Hello so my parents moved from Toronto to Prince Rupert and I have to move as well this summer there. I was wondering if anyone has moved with their hedgehog from Ontario to BC and knows how to do it? I know flights like air canada don't allow hedgehogs in the cabins and I am not sure if he'd be allowed in the baggage compartment or be okay there! Really would appreciate any help!


----------



## FinnickHog (Dec 1, 2014)

I haven't personally managed to find any Canadian airlines that allow hedgehogs in the cabin. You'll be able to put him under the plane as checked luggage, which means you'll have to pack him well for the trip.

I highly suggest buying these things for the flight:
Hard Sided Pet Carrier, Small You need one of these hard carriers. They won't let your hedgehog fly without one. Or any pet for that matter.
Long Lasting Warmers
Fleece Blankets

You'll want to start the heat on the hand warmers as close to take-off as possible, and then wrap 4-6 of them in the fleece blanket. Place that at the bottom of the crate, and put your hedgehog on top. Cover him up with a few more blankies, and then he's good to go.

I know Westjet flies some planes with heated cargo along most routes, (my Senegal parrot was shipped from Toronto to Calgary this way) so if you call and ask when these planes fly, you can book on one of those planes.

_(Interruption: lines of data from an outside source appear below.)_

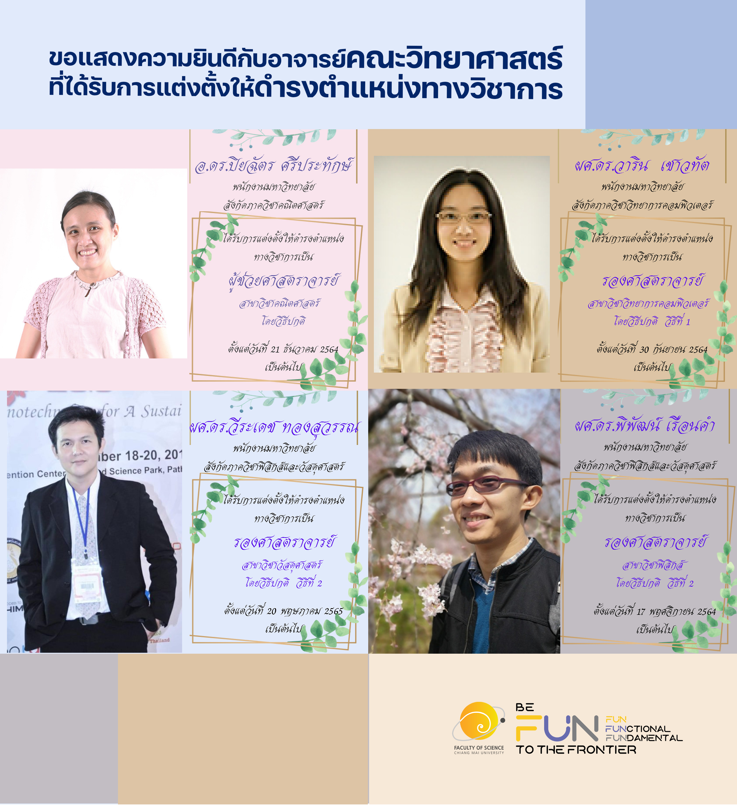 ขอแสดงความยินดีกับอาจารย์คณะวิทยาศาสตร์ ที่ได้รับการแต่งตั้งให้ดำรงตำแหน่งทางวิชาการ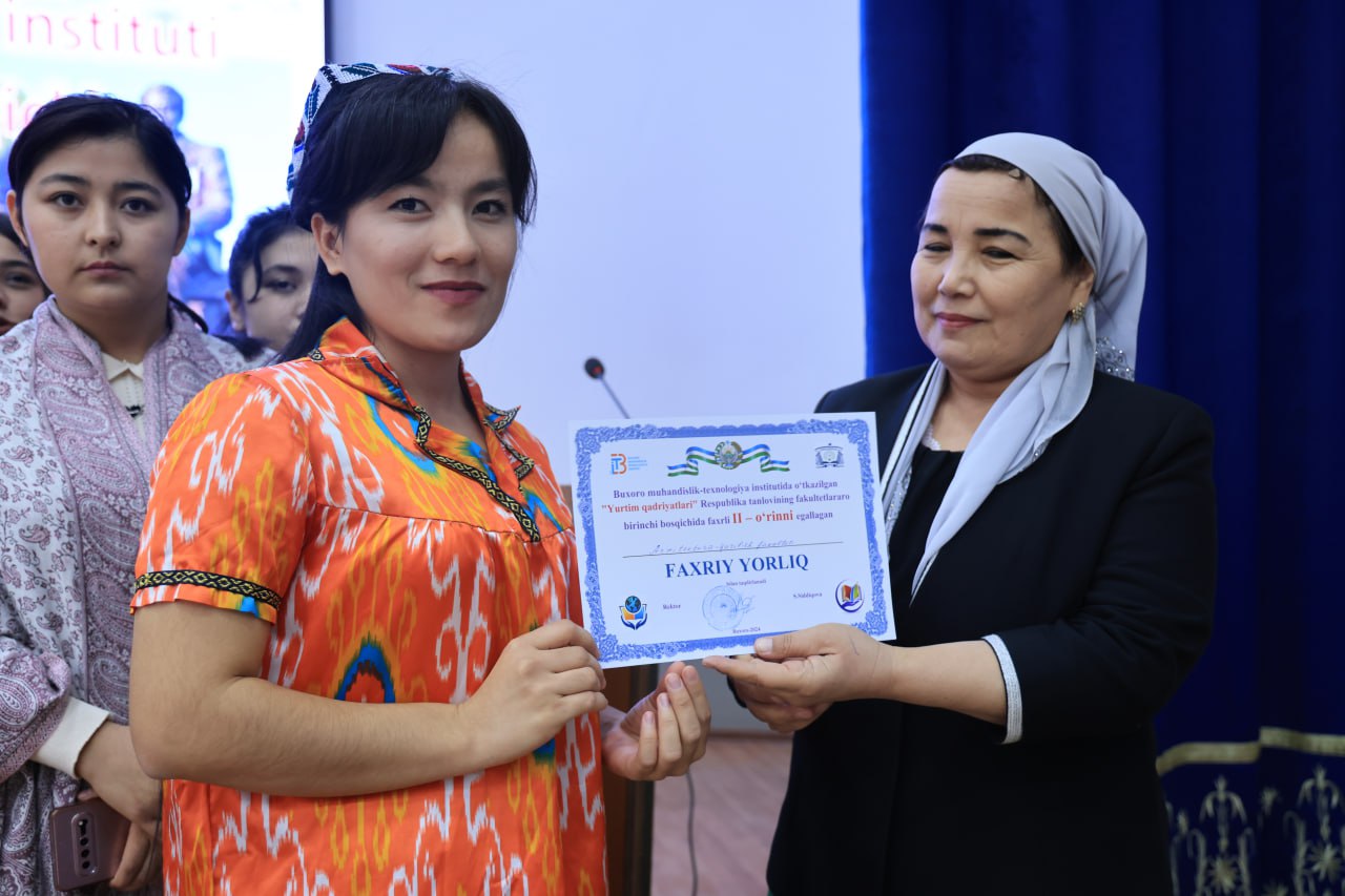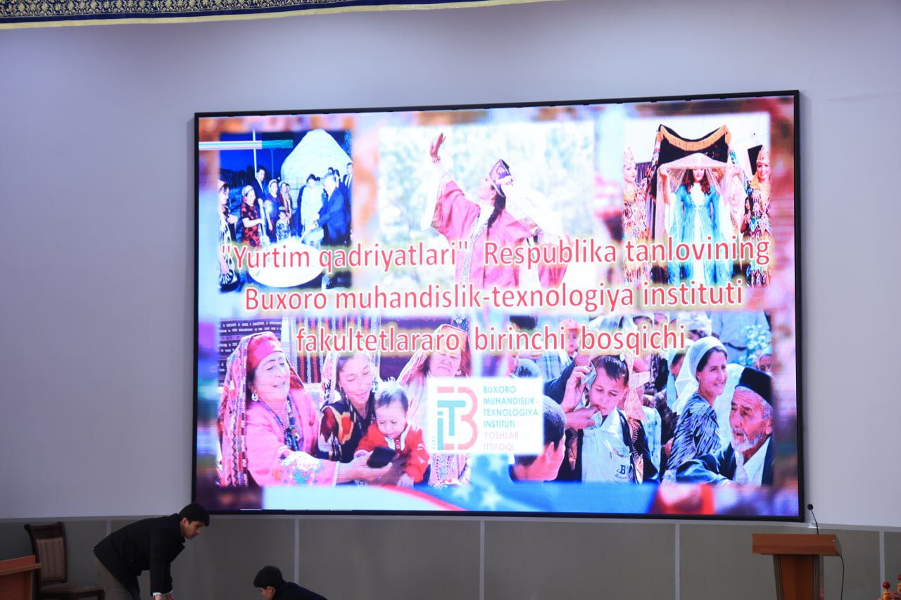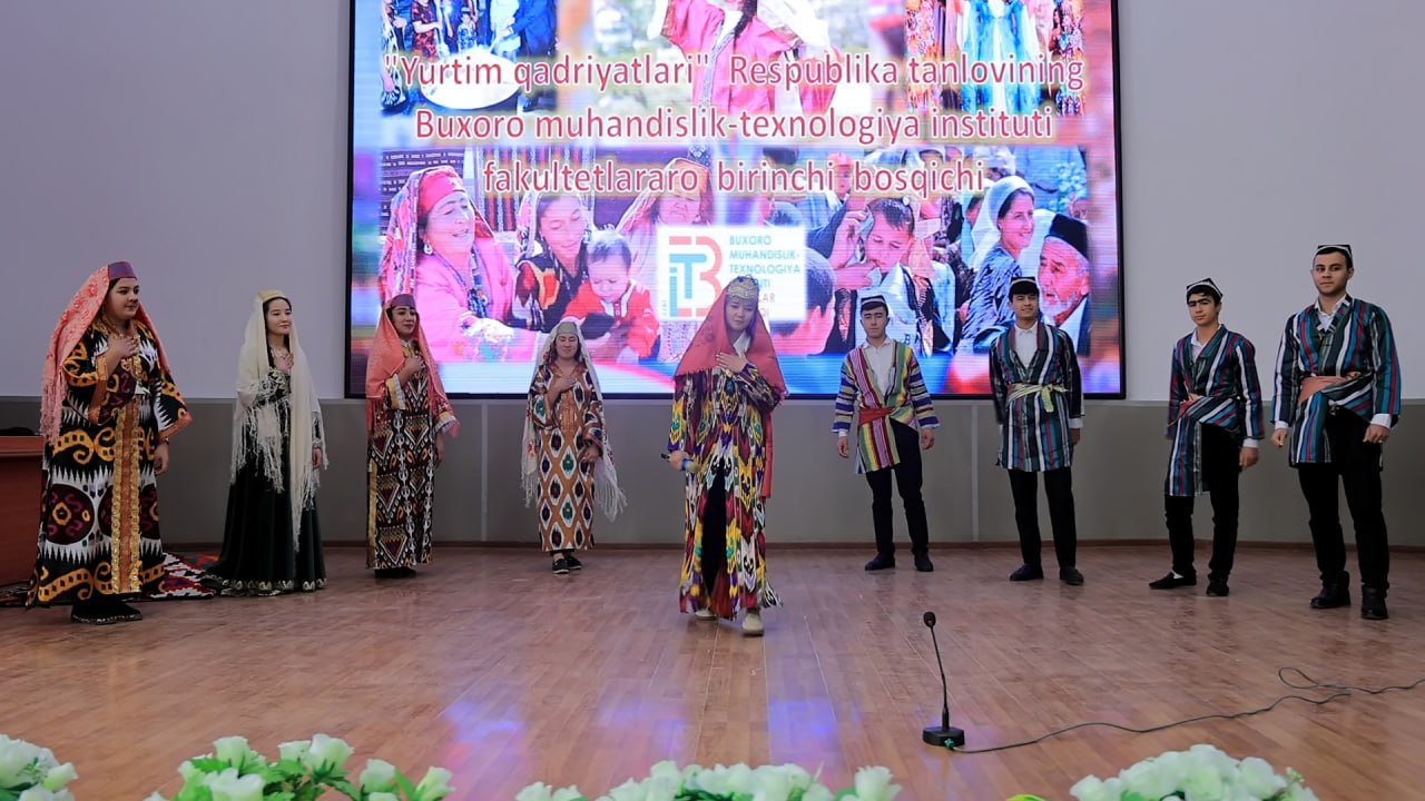 Buxoro muhandislik-texnologiya institutida “Yurtim qadriyatlari” respublika ko‘rik-tanlovining fakultetlararo birinchi bosqichi bo‘lib o‘tdi.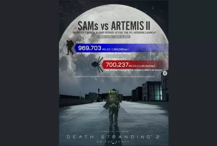 知名游戏制作人小岛秀夫近日披露了《死亡搁浅2:冥滩之上》的一项核心游玩数据,并将其与NASA的阿尔忒弥斯2号载人绕月任务进行了直接对比。数据显示,在游戏发售后的首个十天内,全球玩家操控角色山姆·波特·布里吉斯累计步行的总里程,已远超现实世界中猎户座飞船同期飞行的距离。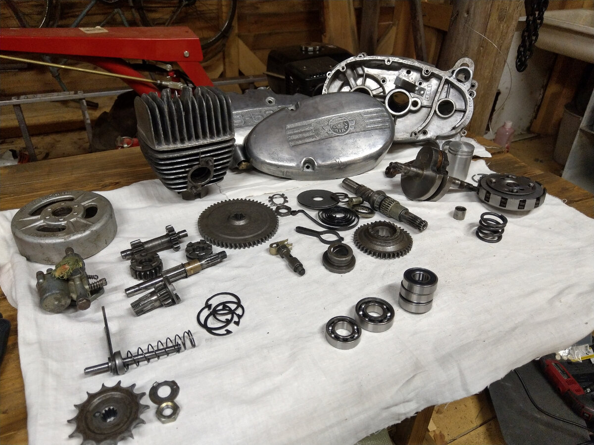 Ну вот, после длинтельных подготовительных работ наконец настает этот знаменательный момент сборки. Детали разложены на рабочем столе, двигатель готовится к сборке. Всегда мечтал сделать выкладку, как делают зарубежные реставрационные каналы. И да, есть что-то в этом) приятное ощущение завершения большого дела. Отполированные крышки блистят в ожидании. Но вернемся на несколько дней назад. Как я уже упоминал в посте про окна, в мопеде маленький цилиндр. В нем все маленькое. В том числе и ребра. Мыть его не пытались последние годы до меня. Поэтому из ребер я выгреб кучу земли с маслом. И их нужно почистить. Главный вопрос как, потому что между ребрами ничего не лезет. Специально для этого были куплены корщетки для бормашинки. Вообще о бормашинке я выпущу отдельный пост, потому что она в данный момент мое самое противоречивое оборудование. Ими удалось подлезть в ребра и наконец-то их почистить. Чистые ребра это всегда хорошо, поскольку эти мопеды имеют тенденцию к перегреву. Даже в и
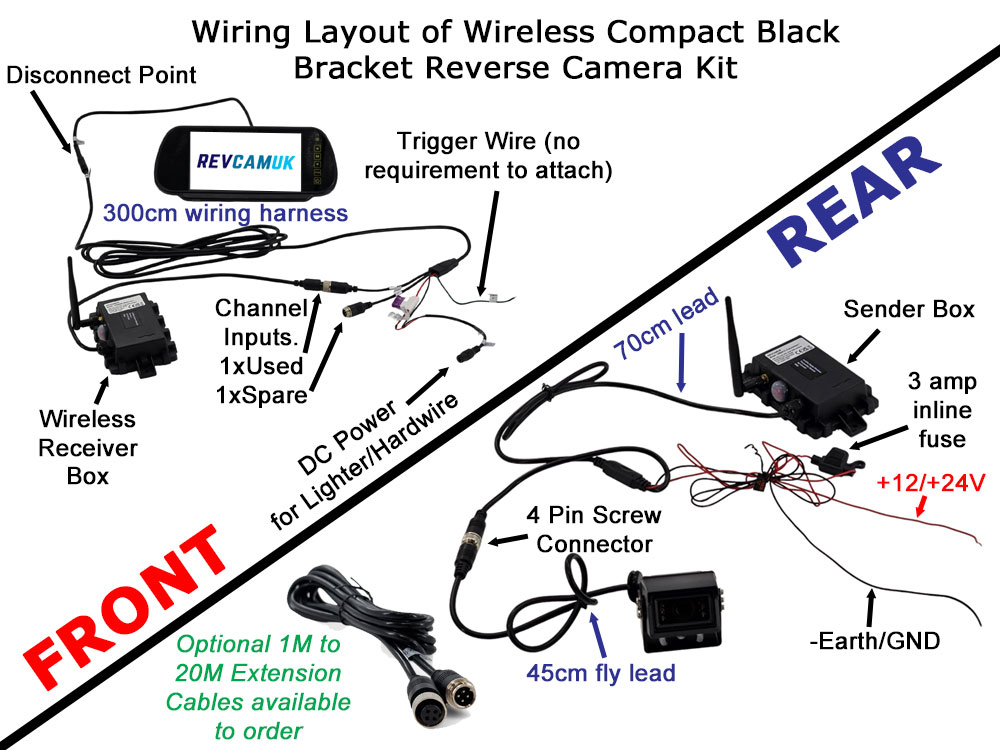If you have a modern car, van, or motorhome, then we recommend using a cabled reversing camera kit instead. This is because these modern vehicles don’t often have non-canbus ignition switched power supplies to tap off. On caravans/trailers it is not an issue to tap off things like side lights to power the sender/camera as the car doesn’t run canbus checks on trailer lights.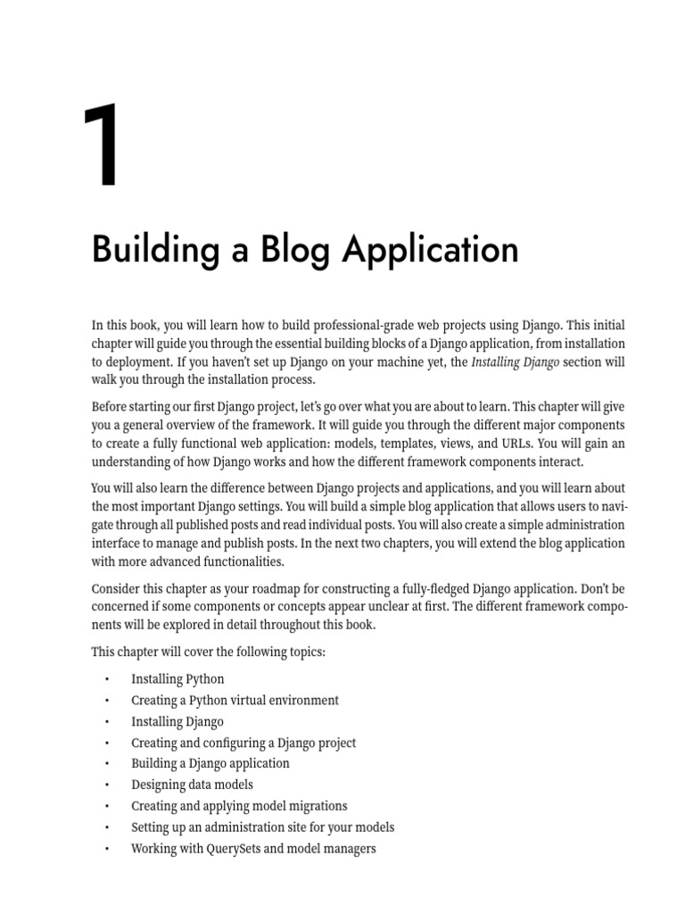 Consider this chapter as your roadmap for constructing a fully-fledged Django application. Don’t be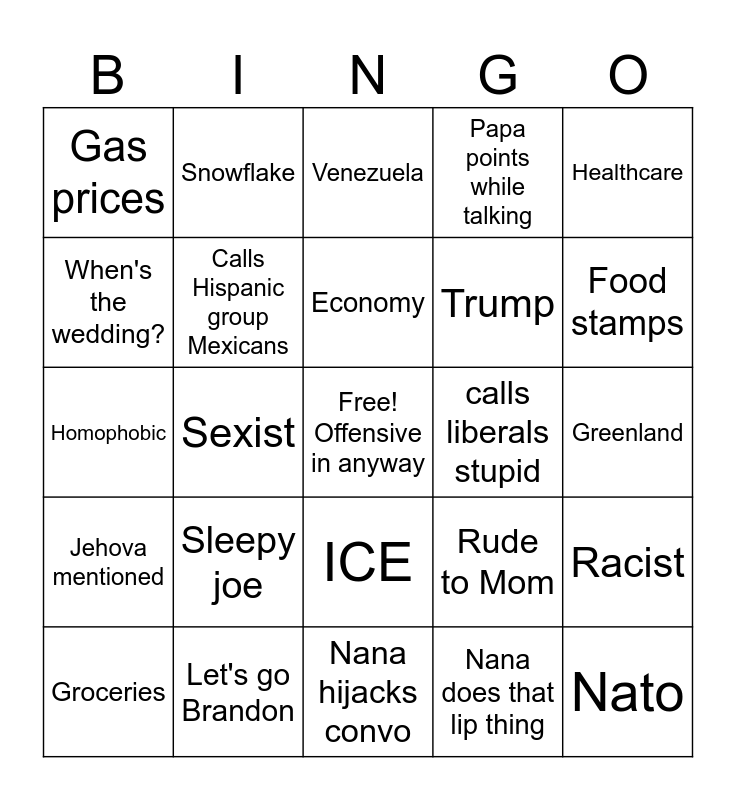 This bingo card has a free space and 24 words: Sleepy joe, Let's go Brandon, Economy, Groceries, Healthcare, Gas prices, When's the wedding?, Snowflake, calls liberals stupid, ICE, Trump, Homophobic, Rude to Mom, Racist, Calls Hispanic group Mexicans, Nana does that lip thing, Greenland, Venezuela, Food stamps, Sexist, Nato, Jehova mentioned, Papa points while talking and Nana hijacks convo.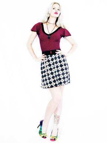 Another fun in the sun item is this argyle skull print high waist mini, its full of rocker style with a high fashion - high waist flair, and I just had to add these red pyramid studs on the front to complete the look:)
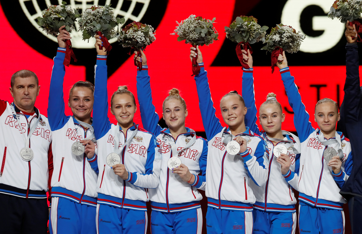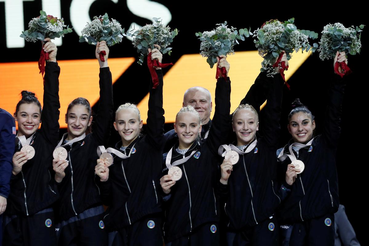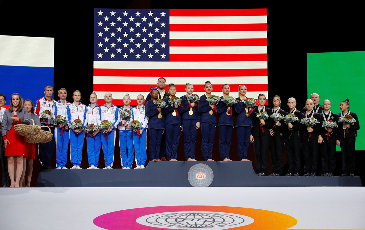 Italy (164.796) took third spot for its first world team medal since 1950, while China slipped off the podium for the first time since 2003.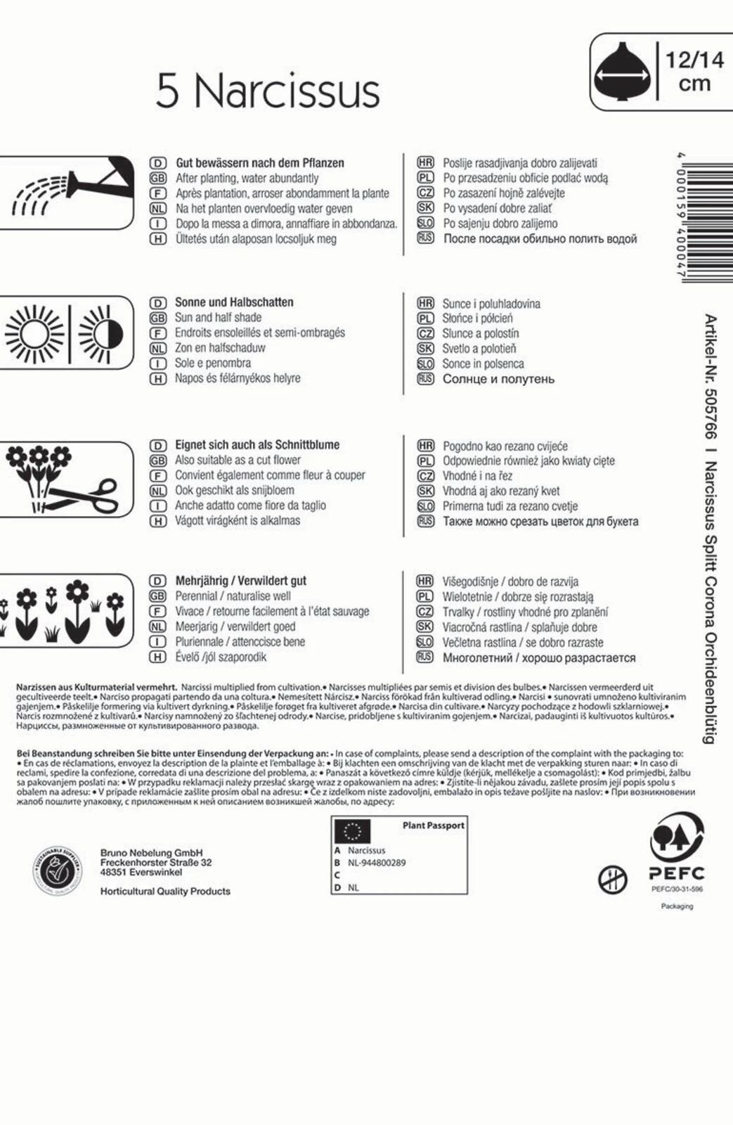 Ein buntes Arrangement wunderschöner mehrfarbiger Blumen bietet die Narzissenmischung „Orchideenblütiger Mix“. Die Narzissen kokettieren in den Farben Weiß und Gelb bis hin zu Orange. Da Narzissen sehr anspruchslos sind und mehrere Jahre willig wiederkommen, werden sie gruppenweise gepflanzt. Diese Sorte blüht im April und neigt besonders zum Verwildern. Zudem ist sie sehr gut als Schnittblume geeignet, die ihren frühlingshaften Charme ins Haus bringt. Zwiebeln, die in Kübel oder andere Gefäße gesetzt wurden, können geschützt an der Hauswand, in der kalten Garage oder unter Gartensträuchern überwintern. Im Frühjahr kann das Pflanzgefäß ab Mitte bis Ende März vollends ins Freie gestellt werden.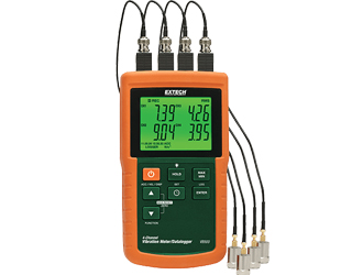 VB500數據記錄并以Excel格式存儲在SD卡上的讀數。大型背光液晶顯示屏同時顯示四個通道。5,10,30,60,120,300,600秒的可選數據采樣率。遠程振動傳感器,帶有39“(1m)電纜的適配器,寬頻率范圍為10Hz至1kHz,基本精度為±(5%+ 2位),具有RMS或峰值測量模式,數據保持和自動關機功能。配備4個遙控傳感器,磁性安裝座,8 x AA電池,100-240V通用交流適配器,SD卡和耐用硬質手提箱。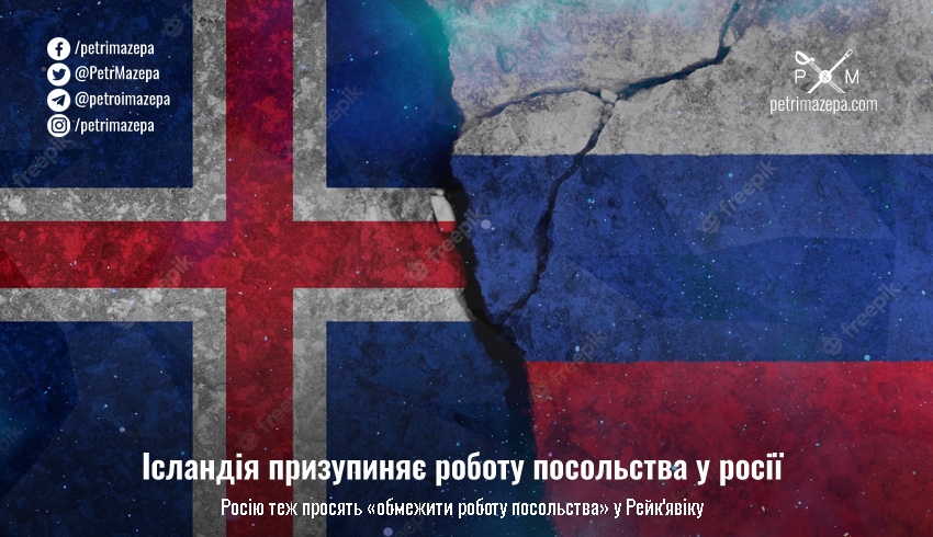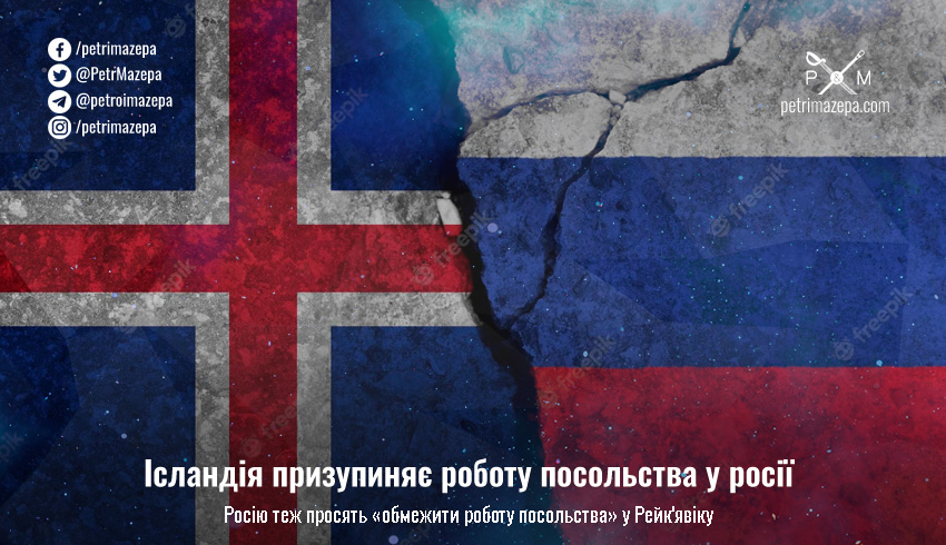 Міністерство закордонних справ Ісландії офіційно анонсувало призупинення роботи свого посольства у Москві. Вони також просять країну-агресора обмежити роботу свого посольства у Рейк’явіку.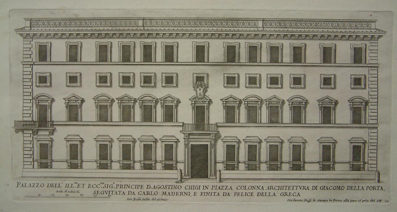 The ‘Palazzi di Roma’ was published in Rome c.1655-1670 in two parts. The first part was published by Pietro Ferrerio (c.1600-1654) c.1655. Part two is a continuation by Giovanni Battista Falda (fl.1648-1678). The beautifully engraved plates are by various engravers including Ferrerio, Falda and Antonio Barbey. They feature the Palazzo’s of Rome and are attractively designed to display the facades. It is the first publication to provide accurate scaled illustrations of the Roman Palazzi. Berlin Catalogue (1939) 2665; Brunet (1860-80) II, 1235; Cicognara (1931) 3719; Fowler (1961) 120.

He'll still end up sitting on the tarmac for a while, and this is sadly unavoidable, but the hand warmers will help. Try to fly on a nice day, if you can help it. My parrot flew in December and there had to be a lot more packing involved to keep her warm.

When you land, have food and water ready for him. Also, try to fly during the day so he sleeps for the whole trip.

Make sure you book your flight over the phone and not online, so you can mention that you'll be checking your hedgehog. If you fly Westjet, they'll book you so that there are no connections and a plane with heated cargo. I'm not sure if Air Canada does the same.

I hope that helps!


----------